Challenging CBP One Turnback Policy

AOL et. al v. Mayorkas, Case No. 3:23-cv-01367-AGS-BLM (S.D. Cal.)


This lawsuit challenges the federal government’s border-wide policy and practice of turning back asylum seekers without a CBP One appointment at ports of entry (POEs) along the southern border, denying them access to the U.S. asylum process. The suit seeks to end U.S. Customs and Border Protection's newest iteration of unlawful metering, and to ensure that the government is complying with U.S. laws meant to protect asylum seekers' rights and safety.

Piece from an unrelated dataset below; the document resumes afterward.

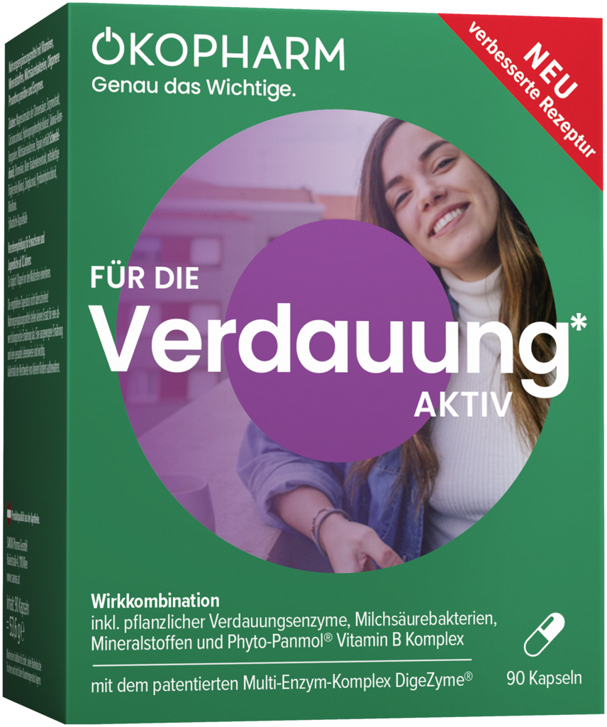 Die optimal abgestimmte Rezeptur der ÖKOPHARM® Für die Verdauung* Aktiv Kapseln mit pflanzlichen Verdauungsenzymen, Milchsäurebakterien und ausgewählten Mikronährstoffen fördert eine effiziente Verdauungs- und Darmaktivität.
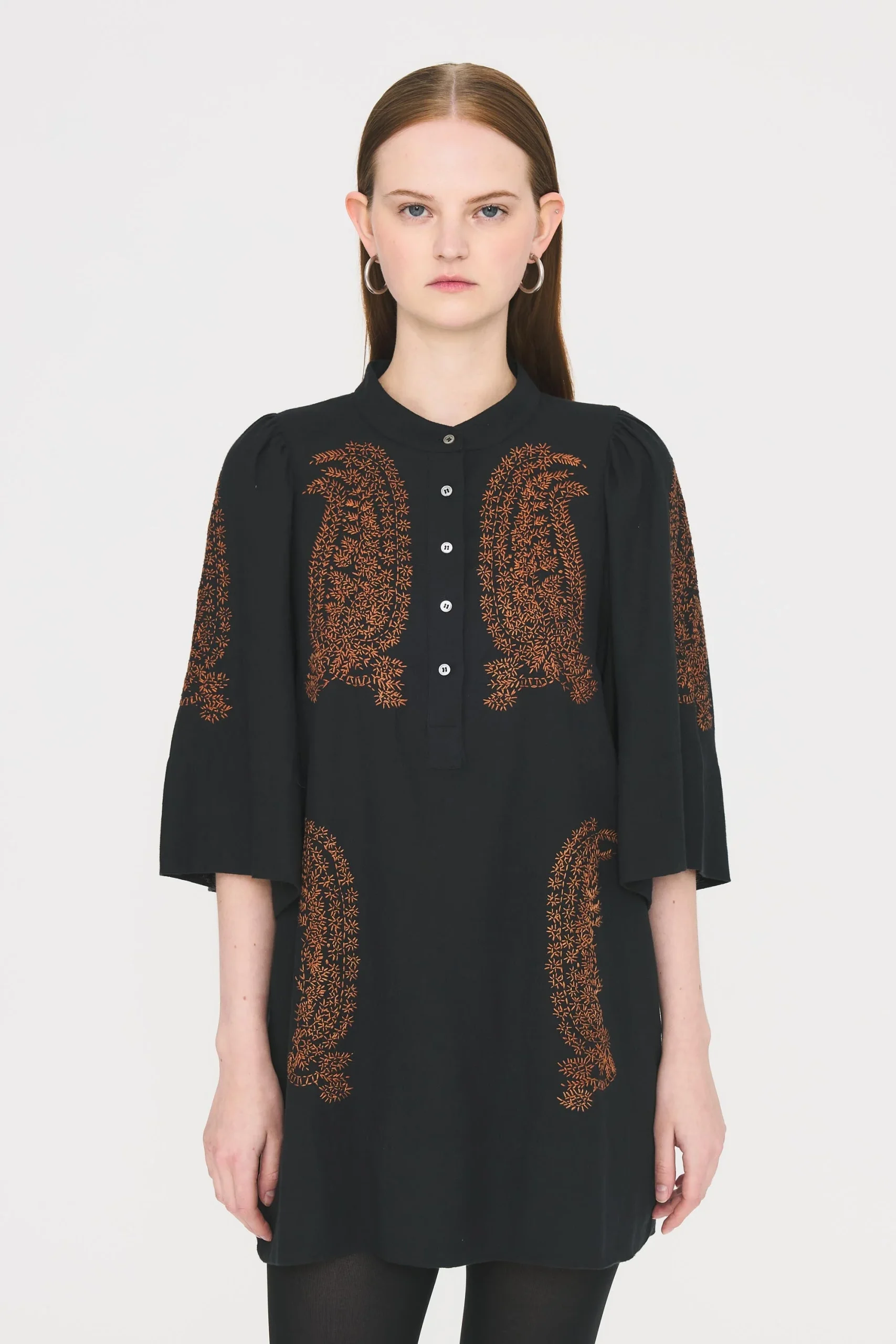 Robe courte en flanelle de coton à manches 3/4. Broderie main. Patte de boutonnage.

People arriving at POEs have the right to seek asylum without artificial caps or technological barriers. For decades, Congress has mandated equitable treatment for all who seek protection from persecution, regardless of how they arrive in the United States. The federal government itself has publicized guidance requiring CBP officers to inspect and process anyone who comes to POEs seeking asylum, whether or not they have a CBP One appointment.

Restricting asylum access to only individuals who can use a smartphone app imposes unfair and at times, insurmountable, barriers for asylum seekers. The CBP One Turnback Policy, under which CBP officers turn back most asylum seekers who cannot secure an appointment made via the CBP One app, creates language, literacy, and disability access issues.

The government’s reliance on the CBP One app creates a privileged waitlist, restricting access to asylum to a select group of people who have both the economic means to afford a functioning smartphone and internet access, but also the tech savviness necessary to navigate the app—causing unreasonable delays and endangering asylum seekers' lives. Even those able to use the app are denied appointments due to limited slots, forcing indefinite waits in precarious conditions in Mexico.

The plaintiffs in the case are immigrant rights organizations Al Otro Lado and Haitian Bridge Alliance, and 10 individuals turned away at the southern border by CBP and denied their fundamental right to seek asylum in the United States.

The CBP One Turnback Policy has harmed plaintiffs, leaving them vulnerable to assault, rape, kidnapping, and even murder in dangerous Mexican border towns. It also disrupts organizations' missions, diverting resources to counteract the policy's harmful effects.

Plaintiffs are represented by the American Immigration Council, the Center for Gender & Refugee Studies (CGRS), and the Center for Constitutional Rights, along with Mayer Brown LLP and others.